This clerical error changed my plans for a while and left me with a few idle hours I hadn’t counted on. My window to the street consumed a lot of them. Nice view: I can see the Pacific Ocean, though I have to lean out pretty far, almost to my heels. Across the street is a row of exotically named apartment buildings, which provide me with an unending parade of human vignettes. My building, the Chrysanthemum, houses mostly young people, who don’t appear to be out of work but are. People in their forties seem to prefer the Rose Crest. Couples whose children are grown gravitate toward the Tudor Gardens, and the elderly flock to the Ocean Point. In other words, a person can live his entire life here and never move from the block.

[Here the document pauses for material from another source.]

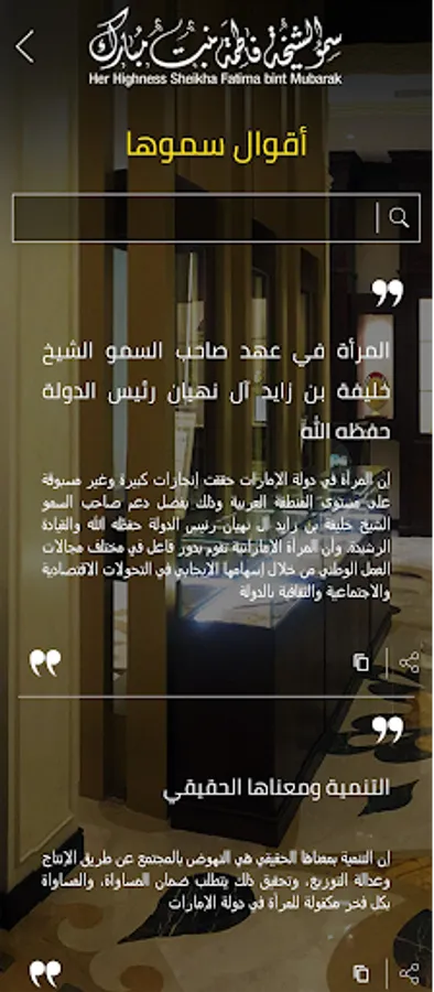 Her Highness Sheikha Fatima bint Mubarak accompanied Sheikh Zayed bin Sultan during his reign of the Emirate of Abu Dhabi and his presidency of the United Arab Emirates, and she was closely associated with him as he was her first teacher and inspiration. Her Highness devoted most of her time and attention to taking care of her husband, sons and daughters, and was devoted to their service. She lived through his intense preoccupation during the years of the political movement, and contributed to the formulation of his success story, of which the founding of the United Arab Emirates on December 2, 1971 is one of the most prominent chapters. All of these factors had a profound impact on Her Highness's career, as they contributed to crystallizing her intellectual formation and preparing her to assume the heavy responsibilities that she assumed in later stages.
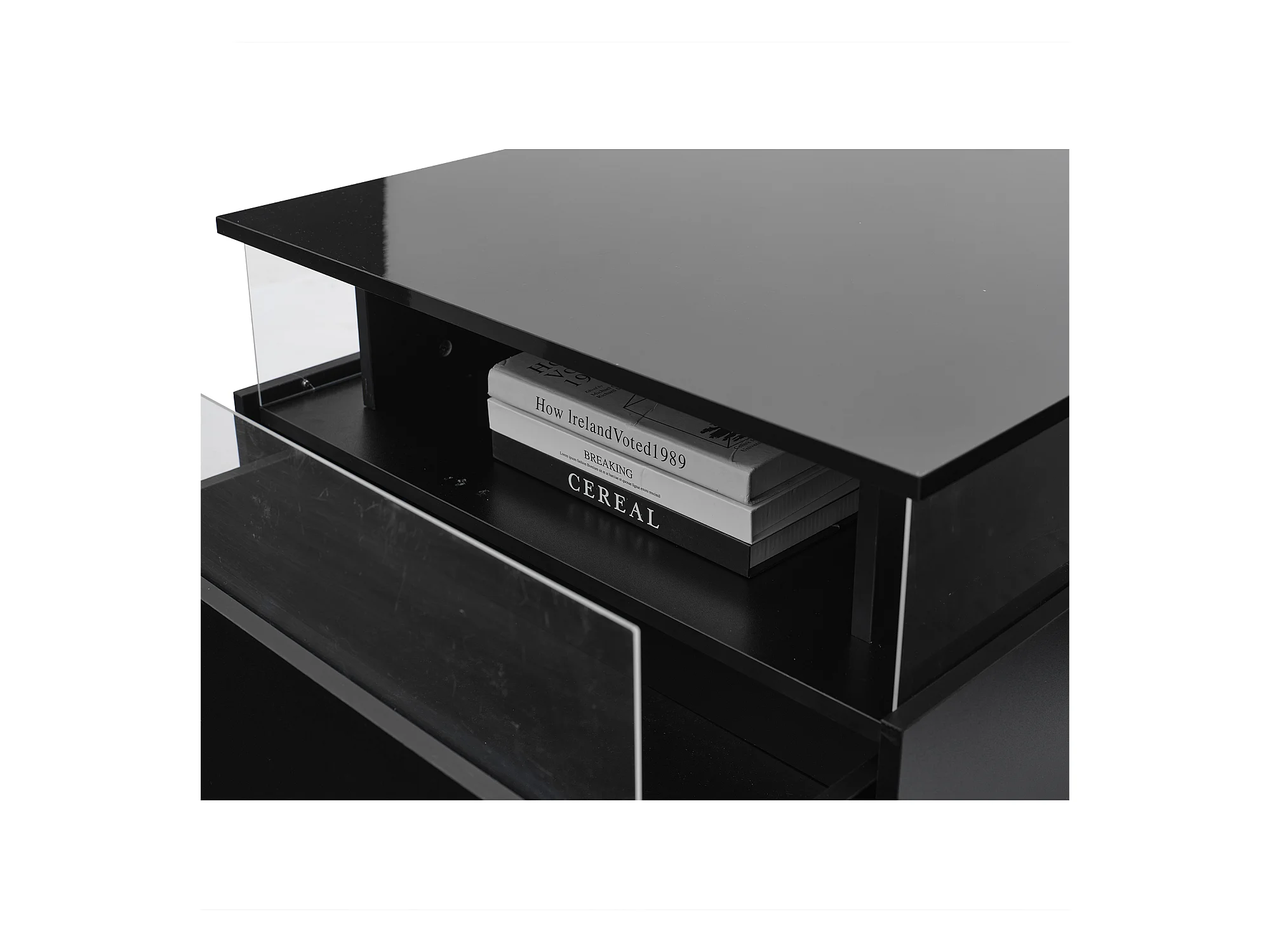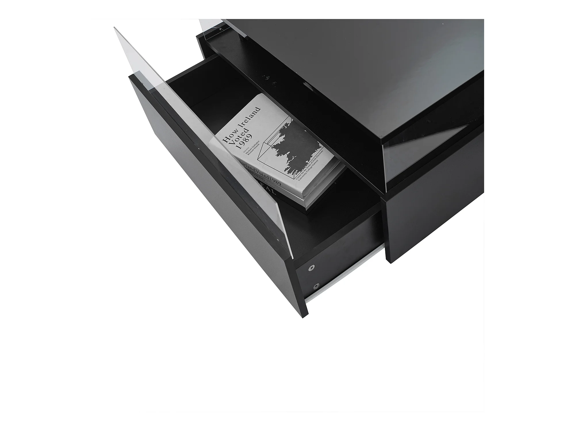 Table basse LED 70x70x41 cm verre brillant 2 tiroirs Noir

I saw Elizabeth the other day. What a pleasure! She didn’t see me, though; she doesn’t know me. But there was a time when Liz Taylor and Richard Burton had never met, yet it doesn’t mean they weren’t, in some metaphysical place, already in love. Elizabeth was pounding a FOR LEASE sign into the flower bed of the Rose Crest. Her phone number was written right below her name, Elizabeth Warner. I copied it down and went to the gas station to call her, but the recorded voice told me to push so many buttons I just gave up. Not that I couldn’t have done it, it was just a complication I didn’t need. I waved to Elizabeth once from my window, but maybe there was a reflection or something, because she didn’t respond. I went out the next day at the same hour and looked at my apartment, and sure enough, I couldn’t see a thing inside, even though I had dressed a standing lamp in one of my shirts and posed it in front of the window.

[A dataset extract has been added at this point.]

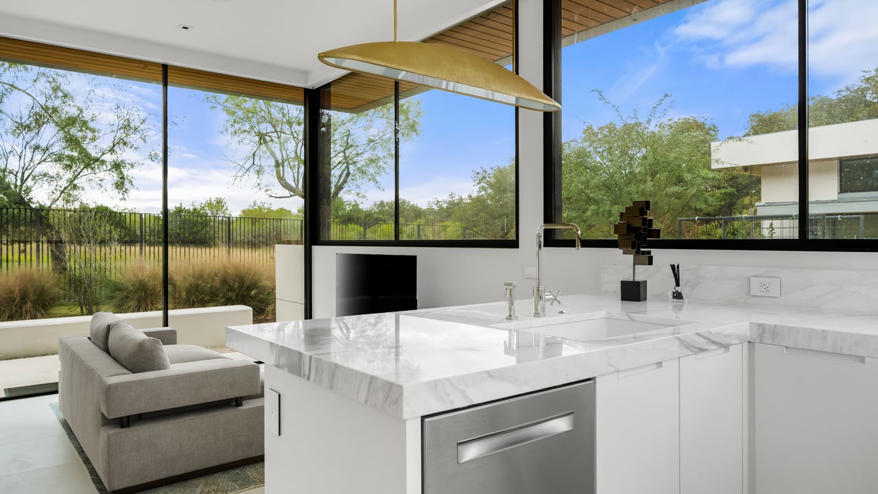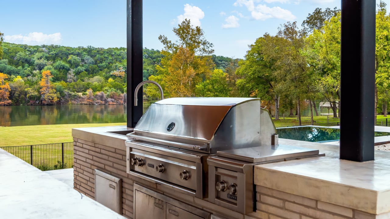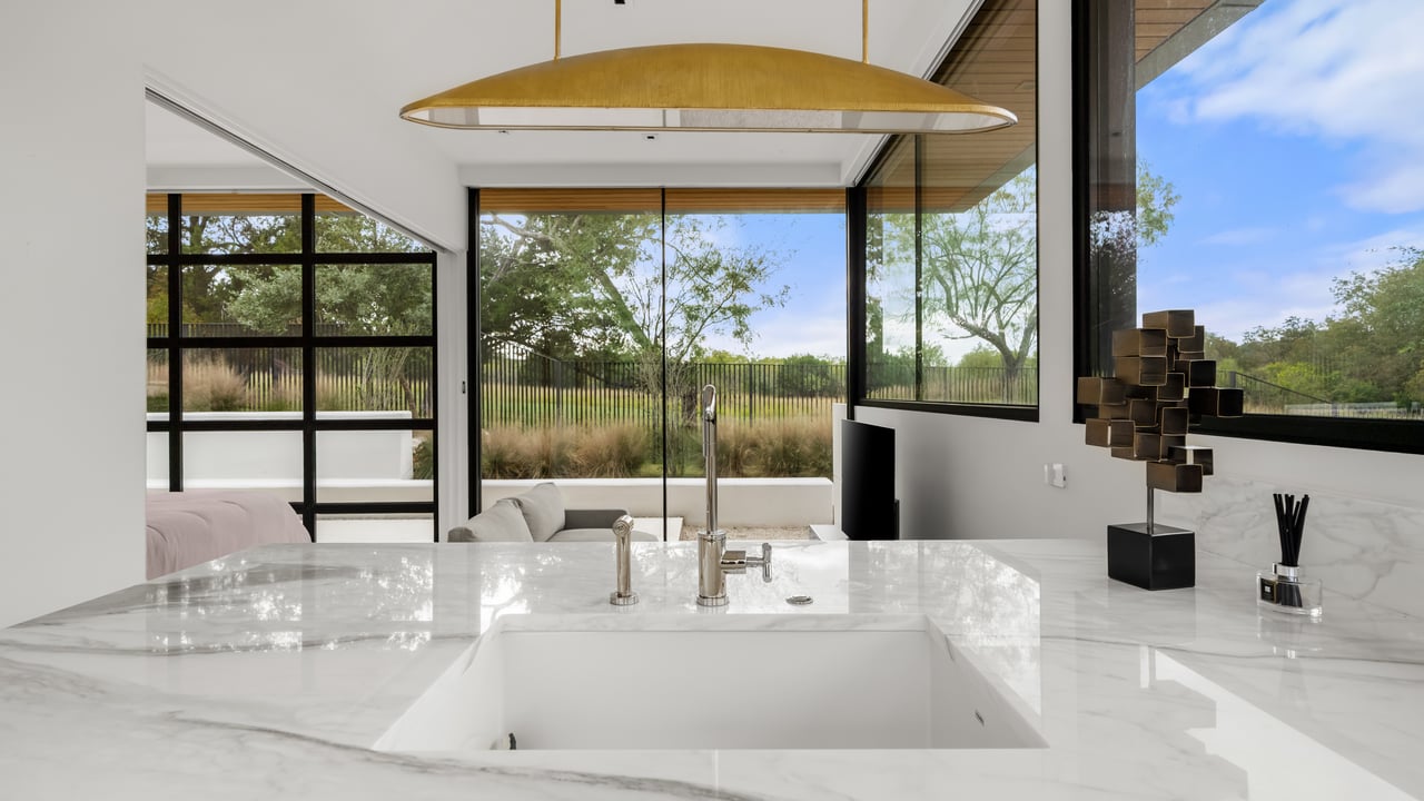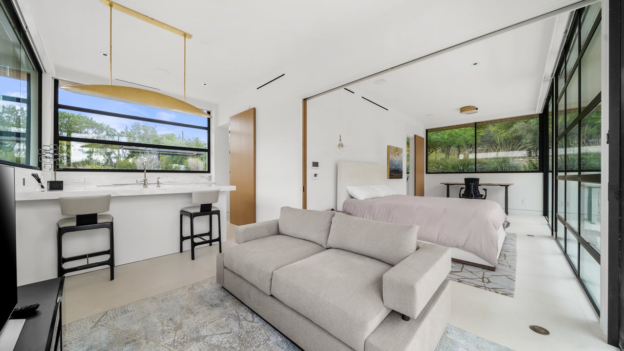 Designed to elevate the experience for guests and extended stays, the concierge home enjoys panoramic Hill Country views and a sense of complete independence. This residence features four bedrooms and three-and-a-half bathrooms, a two-car garage, and beautifully appointed interiors with high-end appliances throughout. A private courtyard with a fireplace and outdoor grilling area creates an ideal setting for entertaining, ensuring guests enjoy the same level of comfort and luxury as the main residence while maintaining their own space within the compound.

I was able to cross the street because just a few yards down from my apartment, two scooped-out driveways sit opposite each other. I find it difficult—okay, impossible—to cross the street at the corners. The symmetry of two scooped-out driveways facing each other makes a lot of sense to me. I see other people crossing the street at the curb and I don’t know how they can do it. Isn’t a curb forbidding? An illogical elevation imposing itself between the street and the sidewalk? Crosswalks make so much sense, but laid between two ominous curbs they might as well be at the bottom of the Mariana Trench. Who designed this? Daffy Duck?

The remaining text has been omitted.